Exercise requirements
Look through the records that follow. Copy every line containing the word "with".

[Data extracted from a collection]

● ● ● ● ● ● ●

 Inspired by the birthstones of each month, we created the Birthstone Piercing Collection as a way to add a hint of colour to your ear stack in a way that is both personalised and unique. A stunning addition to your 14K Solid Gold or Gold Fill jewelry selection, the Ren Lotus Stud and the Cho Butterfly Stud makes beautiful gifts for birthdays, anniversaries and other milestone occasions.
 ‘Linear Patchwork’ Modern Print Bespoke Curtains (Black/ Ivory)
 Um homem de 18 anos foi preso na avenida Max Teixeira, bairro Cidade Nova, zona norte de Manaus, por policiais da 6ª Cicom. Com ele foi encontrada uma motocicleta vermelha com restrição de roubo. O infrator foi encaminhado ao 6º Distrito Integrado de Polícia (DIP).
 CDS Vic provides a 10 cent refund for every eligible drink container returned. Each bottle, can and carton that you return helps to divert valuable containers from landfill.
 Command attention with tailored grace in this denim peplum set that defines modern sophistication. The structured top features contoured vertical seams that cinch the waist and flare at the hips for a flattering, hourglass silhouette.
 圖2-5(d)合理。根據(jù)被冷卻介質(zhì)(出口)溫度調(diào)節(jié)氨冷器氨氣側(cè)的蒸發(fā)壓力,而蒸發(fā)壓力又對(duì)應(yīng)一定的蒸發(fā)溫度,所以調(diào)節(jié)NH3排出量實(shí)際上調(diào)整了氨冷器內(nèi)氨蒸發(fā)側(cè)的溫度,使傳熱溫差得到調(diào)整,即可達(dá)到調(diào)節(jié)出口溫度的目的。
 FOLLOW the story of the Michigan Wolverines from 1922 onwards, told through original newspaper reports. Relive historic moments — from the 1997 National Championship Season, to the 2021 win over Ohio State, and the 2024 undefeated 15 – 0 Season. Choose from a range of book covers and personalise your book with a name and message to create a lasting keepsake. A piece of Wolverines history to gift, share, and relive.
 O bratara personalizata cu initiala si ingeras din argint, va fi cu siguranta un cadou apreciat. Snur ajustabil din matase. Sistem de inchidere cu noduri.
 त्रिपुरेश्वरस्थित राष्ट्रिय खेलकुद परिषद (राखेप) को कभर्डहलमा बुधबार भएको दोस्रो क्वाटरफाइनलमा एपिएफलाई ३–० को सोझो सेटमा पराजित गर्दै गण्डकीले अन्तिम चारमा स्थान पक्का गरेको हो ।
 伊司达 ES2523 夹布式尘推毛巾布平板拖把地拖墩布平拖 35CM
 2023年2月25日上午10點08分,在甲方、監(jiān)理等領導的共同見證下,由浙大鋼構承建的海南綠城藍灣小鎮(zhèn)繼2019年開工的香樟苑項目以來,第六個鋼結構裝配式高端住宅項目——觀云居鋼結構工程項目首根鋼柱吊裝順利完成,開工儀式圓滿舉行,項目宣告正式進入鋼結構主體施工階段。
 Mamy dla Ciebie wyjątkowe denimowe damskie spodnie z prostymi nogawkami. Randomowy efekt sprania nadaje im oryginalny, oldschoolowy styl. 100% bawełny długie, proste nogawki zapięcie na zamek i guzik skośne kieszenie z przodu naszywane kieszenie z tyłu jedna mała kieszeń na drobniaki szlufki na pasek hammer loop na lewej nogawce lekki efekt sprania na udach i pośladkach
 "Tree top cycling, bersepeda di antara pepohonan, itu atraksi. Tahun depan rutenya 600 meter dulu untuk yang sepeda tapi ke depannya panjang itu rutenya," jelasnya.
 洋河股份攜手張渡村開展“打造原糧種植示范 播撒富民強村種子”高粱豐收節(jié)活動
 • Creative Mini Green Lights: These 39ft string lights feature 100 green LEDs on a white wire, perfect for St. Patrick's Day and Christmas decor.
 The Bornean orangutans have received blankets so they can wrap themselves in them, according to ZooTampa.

● ● ● ● ● ● ●

Result of the task
 Command attention with tailored grace in this denim peplum set that defines modern sophistication. The structured top features contoured vertical seams that cinch the waist and flare at the hips for a flattering, hourglass silhouette.
 FOLLOW the story of the Michigan Wolverines from 1922 onwards, told through original newspaper reports. Relive historic moments — from the 1997 National Championship Season, to the 2021 win over Ohio State, and the 2024 undefeated 15 – 0 Season. Choose from a range of book covers and personalise your book with a name and message to create a lasting keepsake. A piece of Wolverines history to gift, share, and relive.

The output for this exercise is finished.